简介: Avro是Hadoop生态圈的一部分,由Hadoop的创始人Doug Cutting牵头开发,当前最新版本1.8.2。Avro是一个数据序列化系统,设计用于支持大批量数据交换的应用。

Avro是Hadoop生态圈的一部分,由Hadoop的创始人Doug Cutting牵头开发,当前最新版本1.8.2。Avro是一个数据序列化系统,设计用于支持大批量数据交换的应用。它的主要特点有:

  • Rich data structures.
  • A compact, fast, binary data format.
  • A container file, to store persistent data.
  • Remote procedure call (RPC).
  • Simple integration with dynamic languages. Code generation is not required to read or write data files nor to use or implement RPC protocols.
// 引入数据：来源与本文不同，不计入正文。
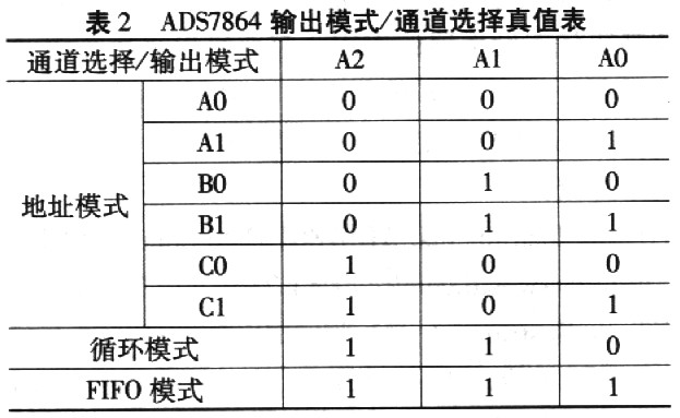 在转换完成时(BUSY信号变高),采样开关将关闭并且对选择的通道进行采样。延迟随后的转换,以便对ADS7864的输入电容完全充电。延迟时间取决于驱动放大器,但应该至少有175 ns。 (2)转换结果的读取 ADS7864有3种不同的数据输出模式,用A2、A1和A0引脚选择。如表2所列。
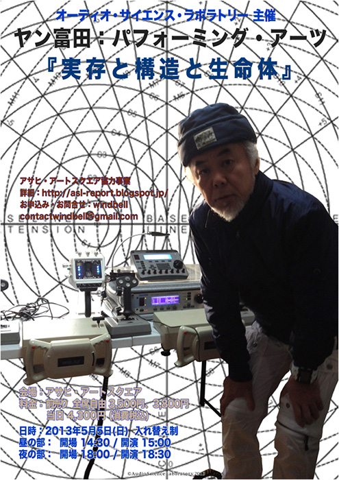 ヤン富田・オーディオ・サイエンス・ラボラトリー公式blog開設のお知らせと、GW5/5(日)浅草アサヒ・アートスクエアでのパフォーミング・アーツ「実存と構造と生命体」公演開催のお知らせ。

Code generation as an optional optimization, only worth implementing for statically typed languages.

本文分享的主要是用Avro1.8.2版本,下载地址为https://mirrors.tuna.tsinghua.edu.cn/apache/avro/,语言为py3.
用Python3操作Avro:
1.创建avsc文件,如province.avsc:

{"namespace": "example.avro",
 "type": "record",
 "name": "User",
 "fields": [
     {"name": "province", "type": "string"},
     {"name": "abbreviation",  "type": ["string", "null"]},
     {"name": "capital_city", "type": ["string", "null"]},
     {"name": "area", "type": ["float", "null"]}
 ]
}

type表示Avro的数据类型为recode类型,fields为字段说明,该avsc有四个字段:province字段,数据类型为string;abbreviation字段,数据类型为string或null;capital_city字段,数据类型为string或null;area字段,数据类型为float或null。
2.编写python3代码操作Avro,如下:

# -*- coding: utf-8 -*-
import avro.schema
from avro.datafile import DataFileReader, DataFileWriter
from avro.io import DatumReader, DatumWriter

schema = avro.schema.Parse(open("/home/vagrant/province.avsc").read())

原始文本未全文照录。